Azure -> Parquet File-> Python -> Without download, read and query on parquet file
Python is very rich with data analytics libraries which brought me to use it for one of the use case. The same use case initially I tried to perform with Java also, but I found that the effort is more in java side. So just for the POC purpose, I choose python.
My sue case was to read and query on parquet file content without downloading it.
So to perform this activity, I converted the parquet file to streams with the help of BytesIO.
Once, I got the stream, I used pyArrow library which helped me to read this data into python data frames directly.
blob_service_client_instance = createBlobServiceClient()
blob_client_instance = blob_service_client_instance.get_blob_client(
CONTAINER_NAME, 'userdata1.parquet', snapshot=None)

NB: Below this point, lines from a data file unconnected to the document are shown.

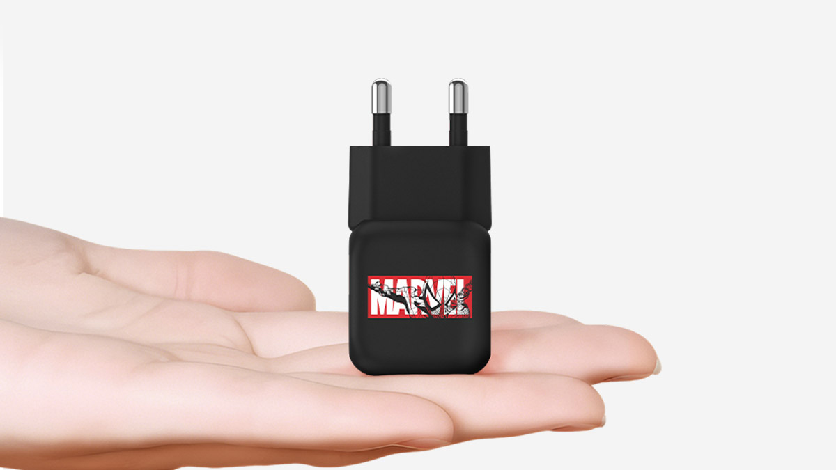 별도 구매 옵션으로 구매할 수 있는 마블 초소형 고속 충전기 USB-C 45W입니다.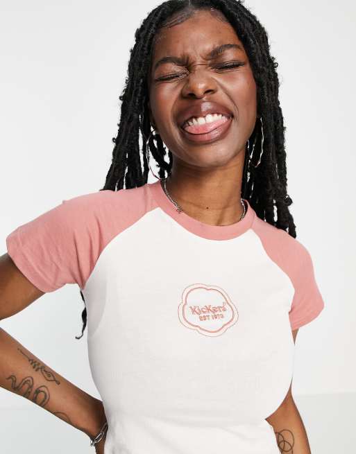 Kickers - Cropped T-shirt met raglanmouwen en retro logo op de voorkant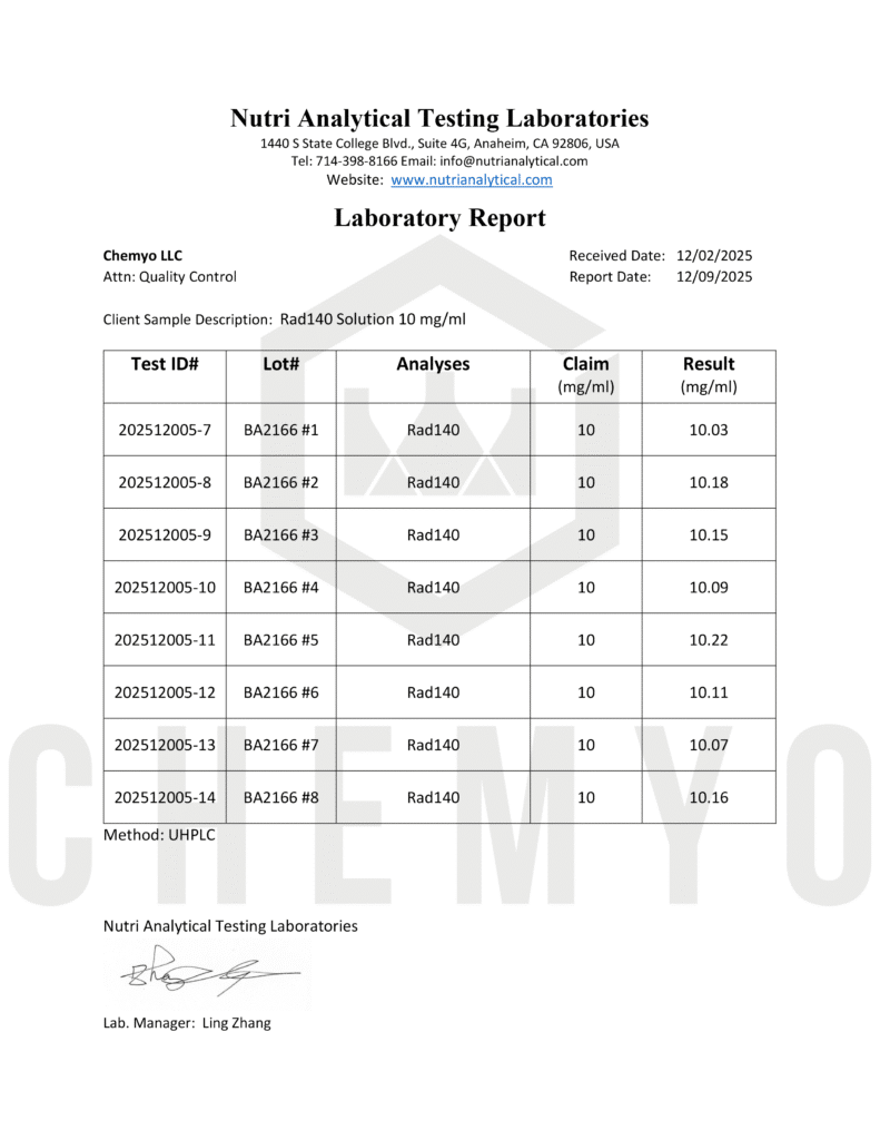 | Composition | 99% PEG400, 1% RAD140 (>99% purity) |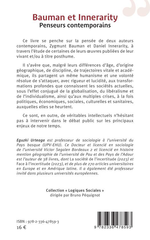 Ce livre se penche sur la pensée de deux auteurs contemporains, Zygmunt Bauman et Daniel Innerarity, à travers l'étude de certaines de leurs oeuvres publiées de leur vivant et/ou à titre posthume. Il s'avère que, malgré leurs différences d'âge, d'origine géographique, de discipline, de trajectoires vitale et académique, ils partagent un même humanisme et une volonté résolue de s'attaquer, avec rigueur et lucidité, aux transformations profondes que connaissent les sociétés actuelles, sous l'effet conjugué de la globalisation, du libéralisme et de l'individualisme, ainsi qu'aux multiples crises, à la fois politiques, économiques, sociales, culturelles et sanitaires, auxquelles elles se heurtent. Ce sont, en outre, de véritables intellectuels n'hésitant pas à intervenir dans le débat public sur les principaux enjeux de notre temps.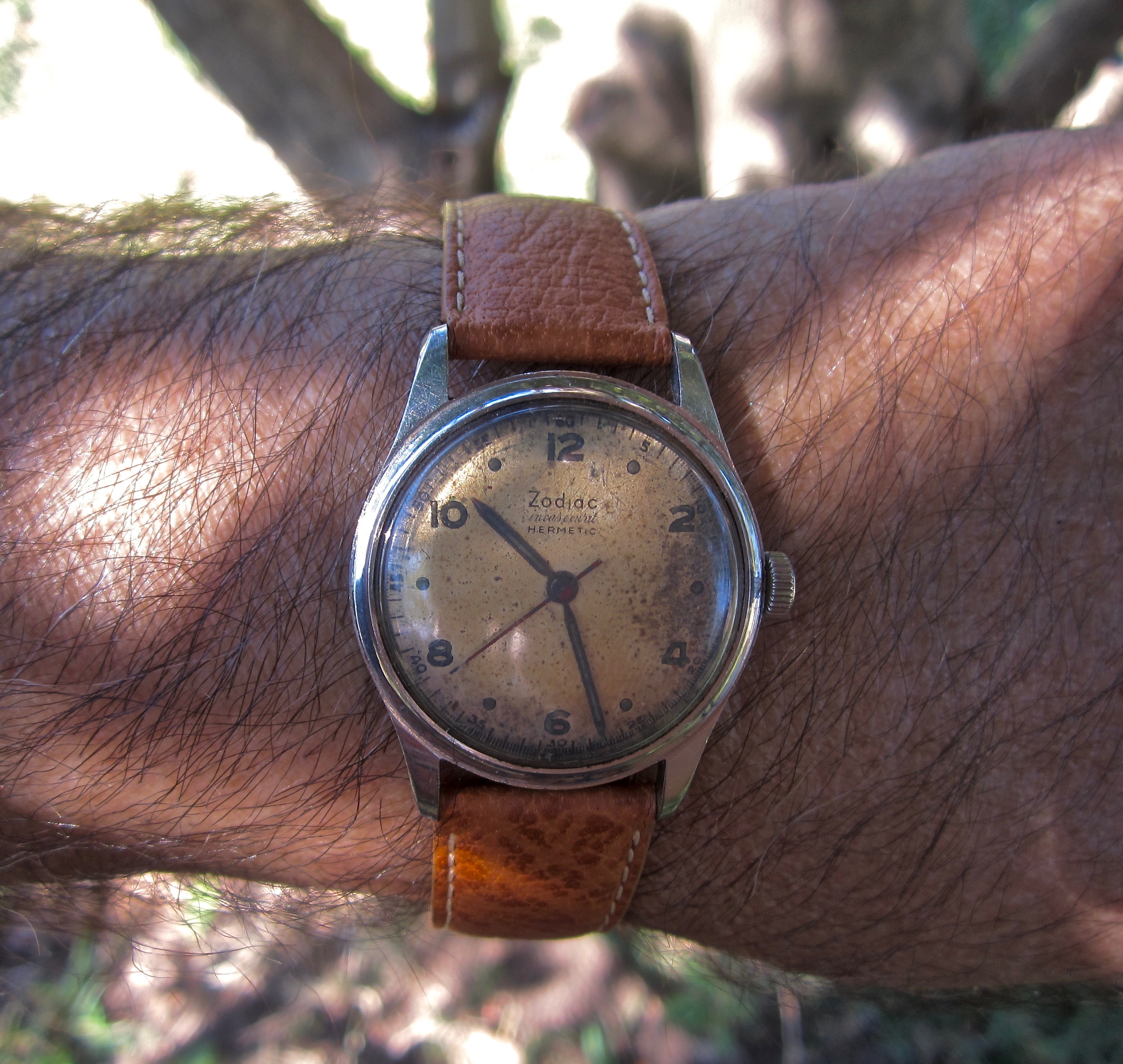 Was a $5 Ebay purchase years ago because I felt sorry for it. A Zodiac Hermetic Incasecurit, it lives in the Home For Wayward Watches. I had it serviced, put a new pigskin strap on it and it's serviceable and ready to go, yet never chosen.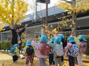 マスカットスタジアムの外周を歩きながらあちこちでどんぐりを拾いました。大きいどんぐり、小さいどんぐり、たっくさん落ちていてどんぐりバックはいっぱいになりました。イチョウの落ち葉もまるで絨毯のように降り積もっていました。両手ですくって落ち葉のシャワー!!秋を満喫しました。

blob_data = blob_client_instance.download_blob()
stream = BytesIO()
blob_data.readinto(stream)
processed_df = pd.read_parquet(stream, engine='pyarrow')
# print(processed_df.columns)
return processed_df
Once you have the data inside the dataframe, you can put query into it easily.
processed_df = donwloadParquetFile()
setDisplayForDataFrame(None,None,1000)
print(processed_df)
print (processed_df.head(3))
print("---------------------Query Output--------------------------------")
print(processed_df.query(query))
And this query will be your query.
In my case, I was passing it from my main method, which was int he form of :
first_name == "Amanda" and last_name == "Jordan"
To show the results in console, we can set the option in panda dataframe.